Der unter den Kabodschanern weitverbreitete Haß auf die Eindringlinge veranlaßte
auch die Thailänder, ihre Haltung in der Flüchtlingsfrage zu überdenken. In dem
Maße, in dem die Vietnamesen näher auf die Grenze vorrücken, wurden die Thais
humaner gegenüber den Flüchtlingen aus dem Nachbarland.

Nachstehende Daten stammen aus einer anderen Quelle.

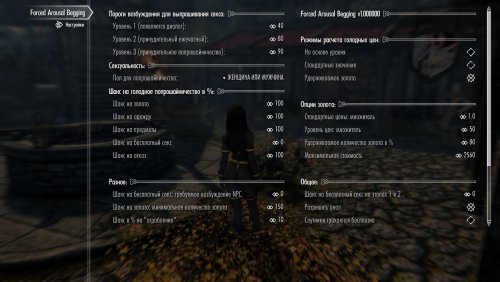 Мод заставляет вашу ЖГГ просить секс у прохожих при высоком уровне возбуждения. В игре 3 уровня возбуждения, для каждого свои диалоги. На первом уровне никакого принуждения нет, просто появляется диалог с просьбой секса. На втором уровне принуждение срабатывает раз в час, на третьем - постоянно, пока возбуждение не спадёт. NPC могут согласиться помочь, могут отказаться, могут потребовать с вас золото или взять вещами. А чему удивляться, ведь секс нужен не им, а вашей ЖГГ, так что пусть платит.

Noch im Juni hatten sie 45 000 Kambodschaner, die sich auf thailändischem
Territorium schon in Sicherheit glaubten, mit Waffengewalt über die Grenze
zurückgetrieben.
Doch später geschah es immer häufiger, daß vietnamesische Einheiten
zurückweichende Rote Khmer bis auf thailändischen Boden verfolgten, und
inzwischen sind sogar schon vietnamesische Granaten in einem Flüchtlingslager
eingeschlagen.
Die westlichen Hilfsorganisationen dürfen jetzt die Kambodschaner in den
thailändischen Lagern — fast 200 000 Menschen — versorgen, und die Thais
erkannten den Ankömmlingen aus dem Nachbarland sogar offiziell den
Flüchtlingsstatus zu: Personen also, die Anspruch auf Schutz und Hilfe haben und
nicht zurückgeschickt werden dürfen.
Dahinter steht die Berechnung, daß viele Kambodschaner, nachdem sie sich erholt
haben, vielleicht doch wieder freiwillig zum Kampf gegen die Vietnamesen
zurückkehren. Außerdem ist es für die Thais einfacher, Waffenhilfe aus dem
Westen zu erhalten, wenn sie sich human zeigen. Die Waffen rollen auch prompt
an. Noch bevor auch nur ein Sack Reis an die hungernden Kambodschaner geschickt
wurde, kamen in dem südostasiatischen Königreich US-Panzer vom Typ M-48 A5,
Kampfflugzeuge vom Typ F-5E und anderes Kriegsgerät an — über eine
Waffen-Luftbrücke folgt ständig neues Material. Außerdem kreuzt die 7. US-Flotte
in nahen Gewässern.
Die kambodschanische Bevölkerung hat freilich andere Sorgen. Sie ist am
Überleben interessiert, nicht an Machtfragen. Die meisten sind zu mitgenommen,
um noch einen Anflug eigenen Willens zu zeigen. „Ich gehe, wohin man mich
schickt", sagt die Kambodschanerin Eung.
Nur wenigen ist das volle Ausmaß der Tragödie überhaupt bewußt. Zu ihnen gehört
Dith Pran, ein kambodschanischer Journalist. „Mein Volk stirbt", sagte er nach
seiner Flucht, „und zwar stirbt es nicht in einem dunklen Winkel, sondern unter
dem vollen Scheinwerferlicht der Weltöffentlichkeit."